Go Back   MobileRead Forums > E-Book Software > Calibre

Notices

Reply
 
Thread Tools Search this Thread
Old 03-14-2010, 11:16 AM   #1
Starson17
Wizard
Starson17 can program the VCR without an owner's manual.Starson17 can program the VCR without an owner's manual.Starson17 can program the VCR without an owner's manual.Starson17 can program the VCR without an owner's manual.Starson17 can program the VCR without an owner's manual.Starson17 can program the VCR without an owner's manual.Starson17 can program the VCR without an owner's manual.Starson17 can program the VCR without an owner's manual.Starson17 can program the VCR without an owner's manual.Starson17 can program the VCR without an owner's manual.Starson17 can program the VCR without an owner's manual.
 
Posts: 4,004
Karma: 177841
Join Date: Dec 2009
Device: WinMo: IPAQ; Android: HTC HD2, Archos 7o; Java:Gravity T
How the new 0.6.45 Add new formats to existing books option works

A How To Use for a new feature:

Version 0.6.45 added some code that simplifies adding new formats to existing book records.

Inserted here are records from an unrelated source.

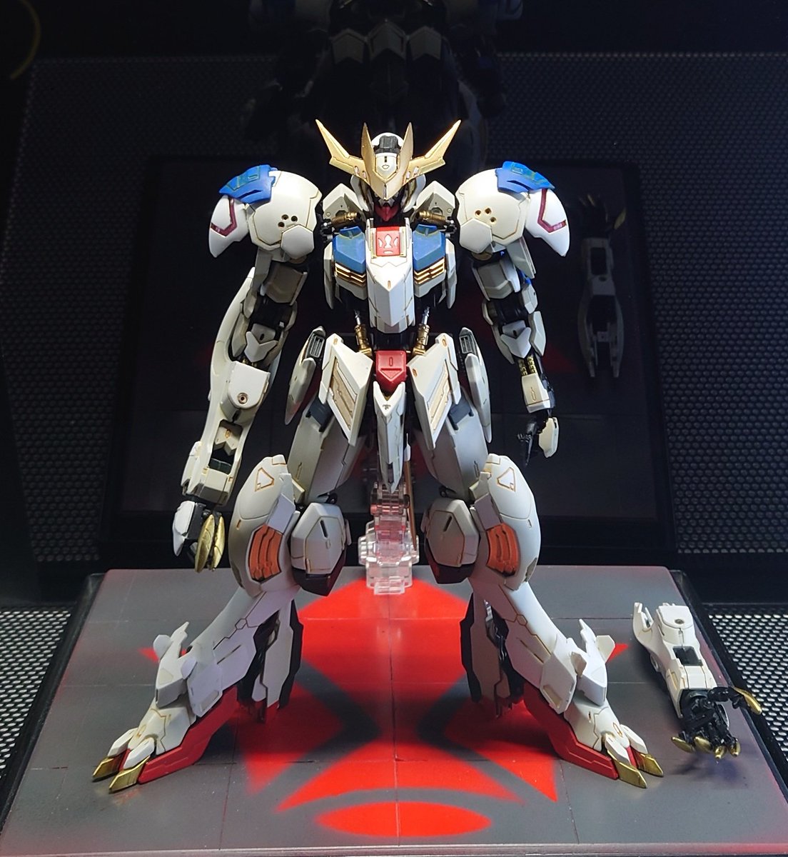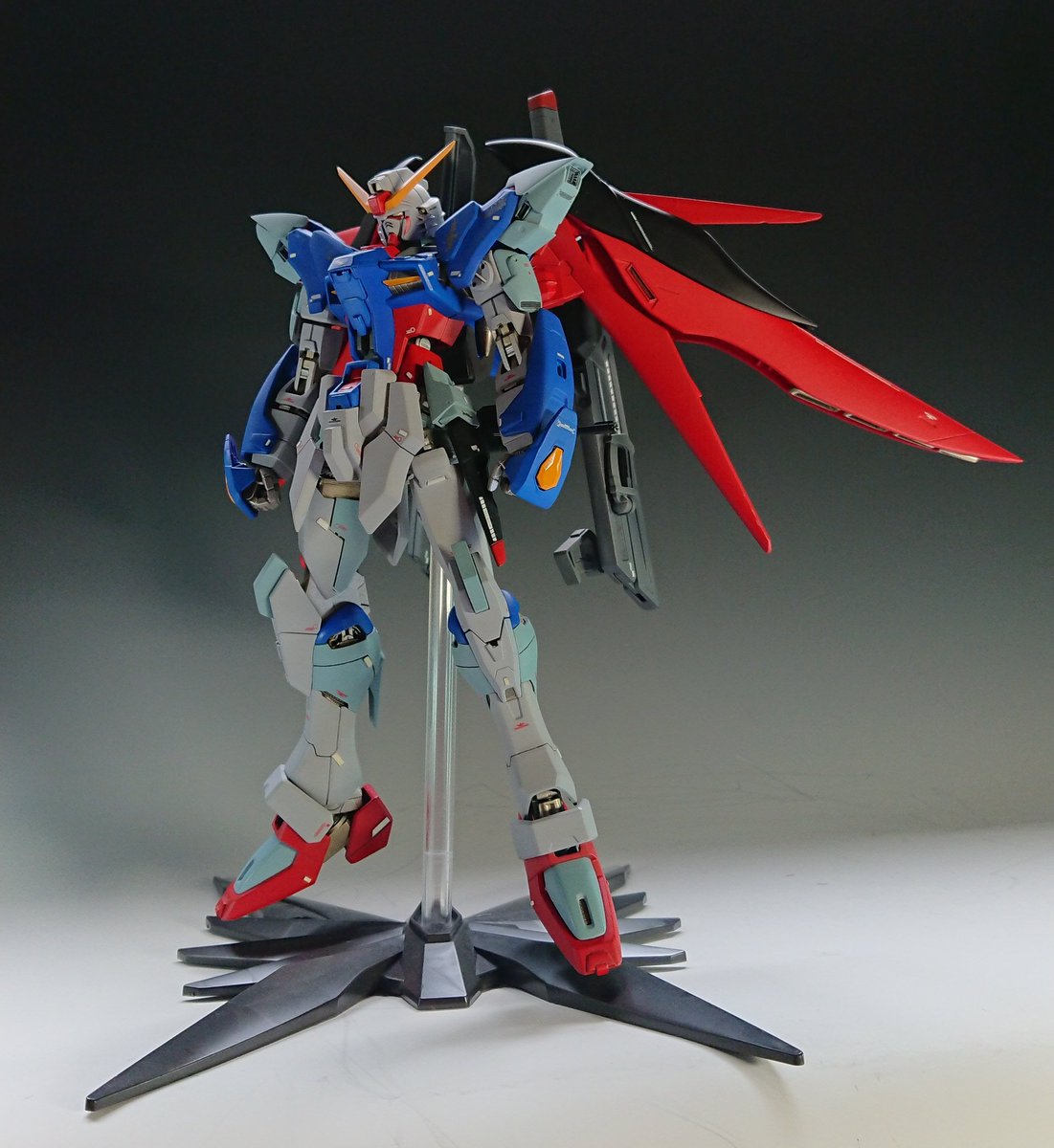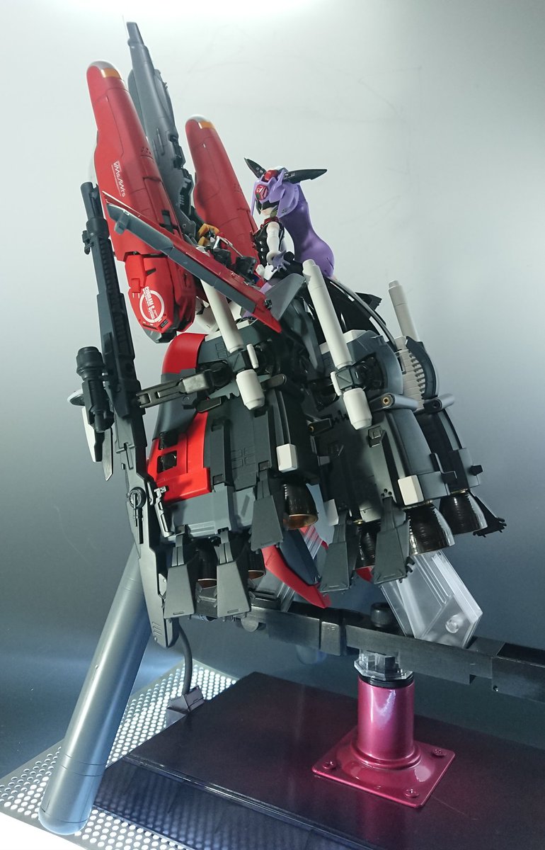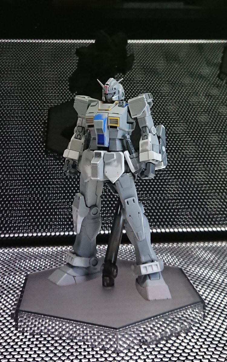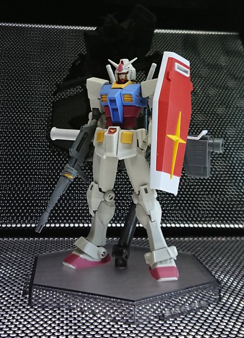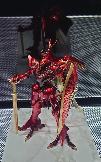 #今月作ったプラモ晒そうぜ というか今年最初の完成品。 塗装後にこのポーズで飾る事を思いつき、剣をニコイチでこしらえ、剣先と足裏に磁石を仕込んで飾ってる最中で倒れたりして周りの作品に迷惑がかからないようにしてみた。
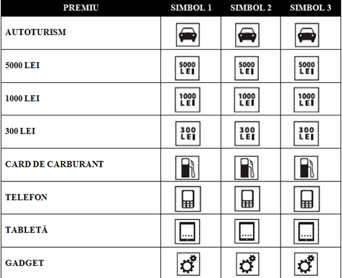 Exemple: pentru a câștiga premiul constând în mașină, pe loz trebuie să apară 3 simboluri cu mașină. Pentru a câștiga suma de 5.000 de lei, pe loz trebuie să apară de 3 ori simbolul 5.000 LEI.
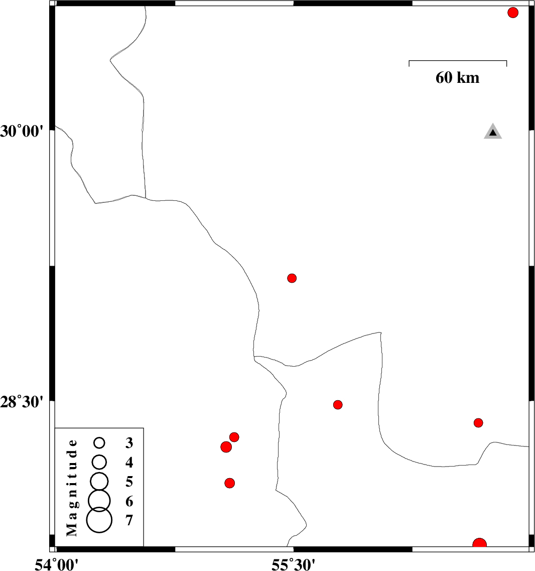 | 2018/04/08 | 05:30:01.1 | 10:00:01.1 | 28.241 | 55.072 | 14 | ML3.1 | Fars Province, 82 km -West of Hajiabad | ||
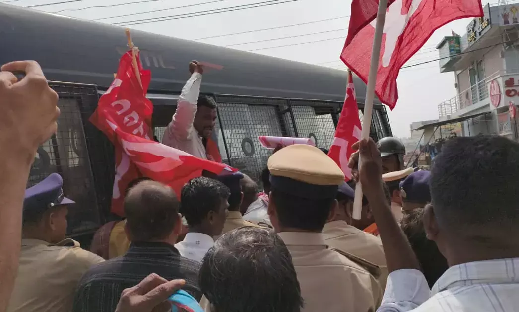 ನಗರದ ಹಳೆಯ ಜಿಲ್ಲಾಧಿಕಾರಿ ಕಚೇರಿ ಎದುರು ಜಮಾಯಿಸಿದ ಕಾರ್ಮಿಕ ಸಂಘಟನೆಯ ಮುಖಂಡರು ಮತ್ತು ಕಾರ್ಯಕರ್ತರು, ಕೇಂದ್ರ ಸರ್ಕಾರದ ವಿರುದ್ಧ ಘೋಷಣೆ ಕೂಗಿ ಆಕ್ರೋಶ ವ್ಯಕ್ತಪಡಿಸಿದರು. ಜೈಲು ಕಡೆಗೆ ಹೊರಟಿದ್ದ ಪ್ರತಿಭಟನಾಕಾರರನ್ನು ಪೊಲೀಸರು ವಶಕ್ಕೆ ಪಡೆದು ವಾಹನಗಳ ಮೂಲಕ ಕರೆದೊಯ್ದರು.
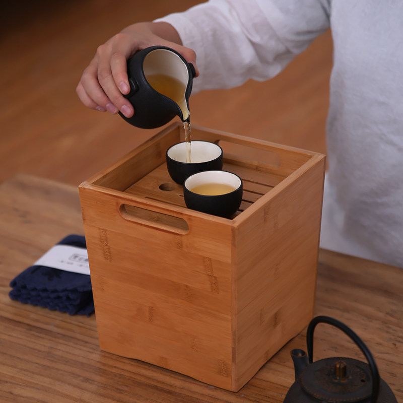Tea bucket bamboo small tea bucket waste bucket accessories tea set retro tea slag bucket solid wood tea trash bin
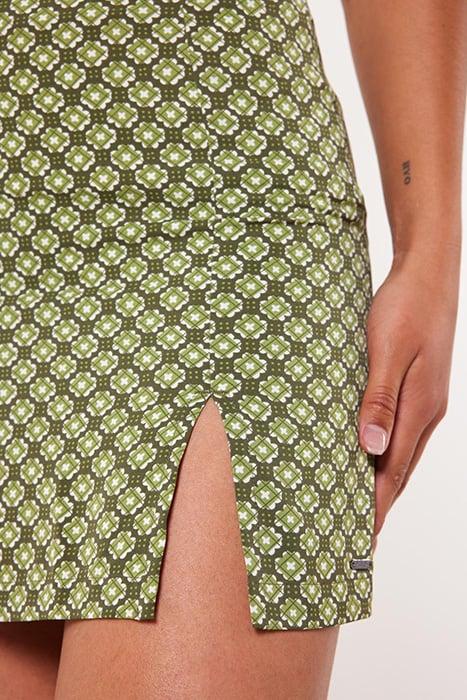 America Today Women'S Skirt. The Raya Is A Woven Skirt With An All-Over Print. The Skirt Also Has A Front Slit.

Just drag the new ebook format (or formats) into the main screen and you're done. Calibre will check the database for each book, determine if there is a book with an identical author and a nearly identical title and if the match is close enough, it will add the new format to the existing book entry. You can also use any of the add book options that pull down next to the Add Books icon.

This makes it much easier to bring big collections of books into Calibre. I've dragged in hundreds of books at a time, and they all get sorted into the correct existing ebook record if they are just new formats, or into new records if there isn't already one in the database.

Kovid added a nice notification feature to my code so that after all books are entered, Calibre will list any author/title matches it found. If you drag 5 different formats of the same new book in, it will add the first one, then notify you of the last 4 matches found that were merged into the first record.

For this to work, you need the following:

The option in Preferences|Add/Save needs to be turned on. It's the one that says "If books with similar titles and authors found .."

Next, your book has to actually have a sufficiently similar author and title to the existing book, and you have to have Calibre configured so it can correctly figure out the title and author of the new book.

I prefer to leave the option to "read metadata only from filename" on, then make sure the regex will correctly read the author and title from the filename. If the internal metadata of the book being added correctly specifies the author/title, then you can leave the "read metadata only from filename" off and ignore the regex.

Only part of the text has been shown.